# nicaraguensis cichlid swimming upside down 4 days



## clayton1169 (Jan 27, 2011)

my nicaraguensis cichlid has been swimming upside down for 4 days I have him in my 125 with other cichlids Saturday I noticed it was swimming funny on it's side mostly for the last 2 days it's been swimming upside down is there a way to help it or should i just let nature take it's course ???


----------



## 1077 (Apr 16, 2008)

clayton1169 said:


> my nicaraguensis cichlid has been swimming upside down for 4 days I have him in my 125 with other cichlids Saturday I noticed it was swimming funny on it's side mostly for the last 2 days it's been swimming upside down is there a way to help it or should i just let nature take it's course ???


What are water parameter's ? Your other post's indicate 72 gal, Is this a new tank? Cycled? what foods? how much water do you change? how often?


----------



## clayton1169 (Jan 27, 2011)

1077 said:


> What are water parameter's ? Your other post's indicate 72 gal, Is this a new tank? Cycled? what foods? how much water do you change? how often?

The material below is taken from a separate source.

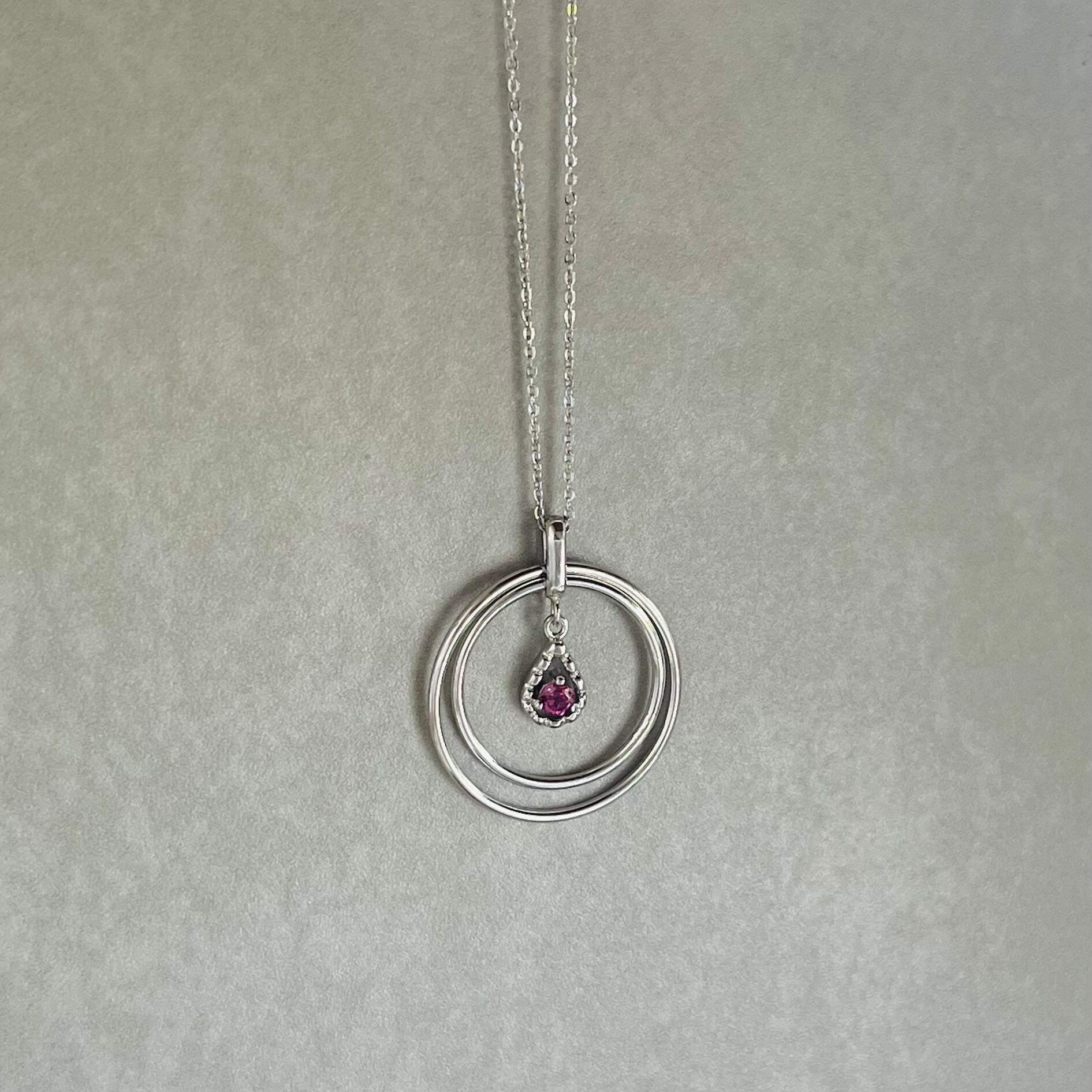 ロードライトガーネットのリングネックレスは、美しい輝きが魅力のアクセサリーです。揺れる石とリングのツヤ感が絶妙にマッチし、首元を華やかに彩ります。ロードライトガーネットは、愛や情熱を象徴する石として知られており、身に着けるだけでパワフルな魅力を引き出します。

I have a 72 and a 125 hes been in my 125 since i've had it tanks been running for about 2 years keep water ph around 6.8-7 change 3rd of water every friday don't feed any live food use omega flake and pellet hes around 6-7 inches


----------



## 1077 (Apr 16, 2008)

clayton1169 said:


> I have a 72 and a 125 hes been in my 125 since i've had it tanks been running for about 2 years keep water ph around 6.8-7 change 3rd of water every friday don't feed any live food use omega flake and pellet hes around 6-7 inches


What do test results say for ammonia,nitrites,and nitrates? When in doubt ,water changes are good first move. If tapwater is close to tank water with respect to pH then I might consider 50 percent water change twice a week for a while. If not,,then smaller water changes every couple days for a week or two may help.
Does fish look bloated? Beat up? does it still eat?
Two year old should be larger than six ,seven inches.


----------



## clayton1169 (Jan 27, 2011)

1077 said:


> What do test results say for ammonia,nitrites,and nitrates? When in doubt ,water changes are good first move. If tapwater is close to tank water with respect to pH then I might consider 50 percent water change twice a week for a while. If not,,then smaller water changes every couple days for a week or two may help.
> Does fish look bloated? Beat up? does it still eat?
> Two year old should be larger than six ,seven inches.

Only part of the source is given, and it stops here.